中文摘要 强化学习的一个主要挑战是，代理常常学习到看似违背其被赋予的奖励结构的不良行为。可解释强化学习（XRL）方法可以回答诸如“解释此具体动作”、“解释此特定轨迹”和“解释整个策略”等问题。然而，XRL缺乏将行为作为跨多个事件的行为模式的正式定义。我们提供了这样的定义，并用它来启用一个新的查询：“解释此行为”。我们提出了行为可解释强化学习（BXRL），这是一种将行为视为一类对象的新问题表述。BXRL将行为测量定义为任意函数$m：\Pi \到 \mathbb{R}$，允许用户精确表达他们感兴趣的行为模式，并衡量该策略表现出多强。我们定义了对比行为，将“为什么代理更喜欢$a$而不是$a'$？”的问题简化为“为什么$m（\pi）$高？”，这可以通过差异化来探讨。我们不实施可解释性方法;我们分析了三种现有方法，并提出如何调整它们以解释行为。我们将HighwayEnv驾驶环境移植到JAX，提供定义、测量和区分基于模型参数行为的接口。

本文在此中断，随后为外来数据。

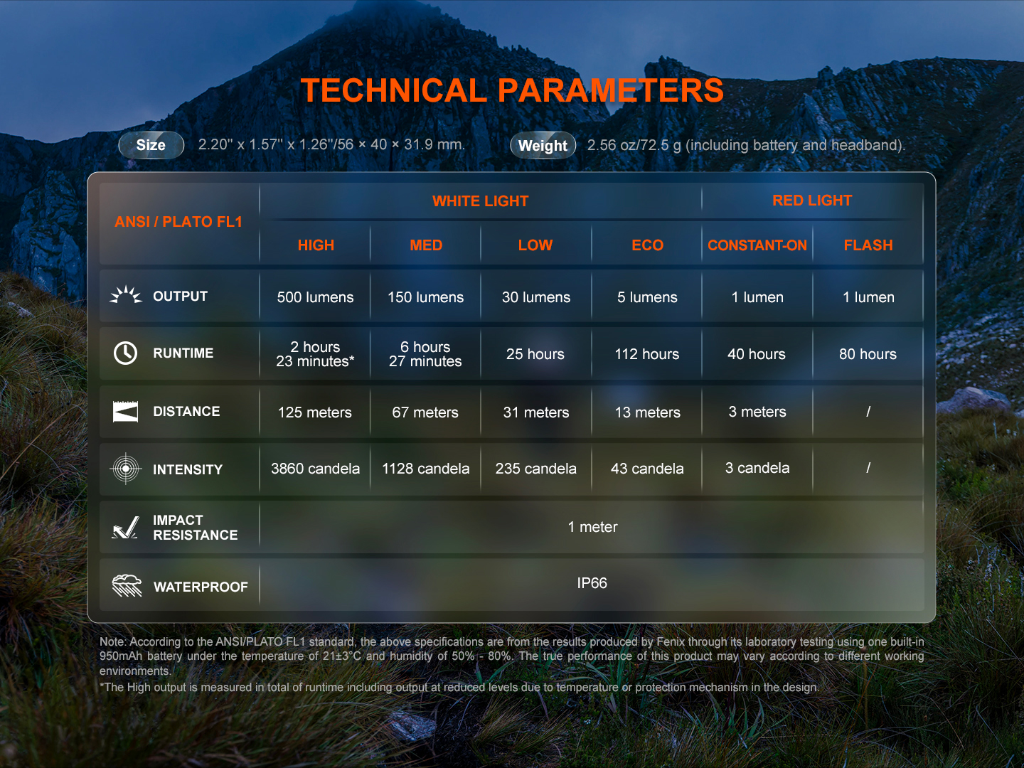Všechny parametry čelovky (světelný tok, doba provozu na baterie, vodotěsnost, dosvit a nárazuvzdornost) jsou změřeny v souladu s normou ANSI/NEMA FL 1-2009.

Self Paced Gaussian Contextual Reinforcement Learning

自进高斯情境强化学习

Authors: Mohsen Sahraei Ardakani, Rui Song
Subjects: Subjects: Machine Learning (cs.LG); Artificial Intelligence (cs.AI)
Arxiv link: https://arxiv.org/abs/2603.23755
Pdf link: https://arxiv.org/pdf/2603.23755
Abstract Curriculum learning improves reinforcement learning (RL) efficiency by sequencing tasks from simple to complex. However, many self-paced curriculum methods rely on computationally expensive inner-loop optimizations, limiting their scalability in high-dimensional context spaces. In this paper, we propose Self-Paced Gaussian Curriculum Learning (SPGL), a novel approach that avoids costly numerical procedures by leveraging a closed-form update rule for Gaussian context distributions. SPGL maintains the sample efficiency and adaptability of traditional self-paced methods while substantially reducing computational overhead. We provide theoretical guarantees on convergence and validate our method across several contextual RL benchmarks, including the Point Mass, Lunar Lander, and Ball Catching environments. Experimental results show that SPGL matches or outperforms existing curriculum methods, especially in hidden context scenarios, and achieves more stable context distribution convergence. Our method offers a scalable, principled alternative for curriculum generation in challenging continuous and partially observable domains.
中文摘要 课程学习通过将任务从简单到复杂排序，提高强化学习（RL）的效率。然而，许多自定进度课程方法依赖计算量高的内环优化，限制了其在高维上下文空间中的可扩展性。本文提出了自进度高斯课程学习（SPGL），这是一种新颖的方法，通过利用高斯上下文分布的封闭形式更新规则，避免了昂贵的数值操作。SPGL保持了传统自定时速方法的样本效率和适应性，同时大幅降低计算开销。我们提供收敛的理论保证，并在多个情境强化环境（包括点质量、月球着陆器和接球环境）中验证方法。实验结果显示，SPGL在隐藏情境场景中表现优于现有课程方法，并实现更稳定的情境分布收敛。我们的方法为具有挑战性且部分可观察的领域中的课程生成提供了可扩展且有原则的替代方案。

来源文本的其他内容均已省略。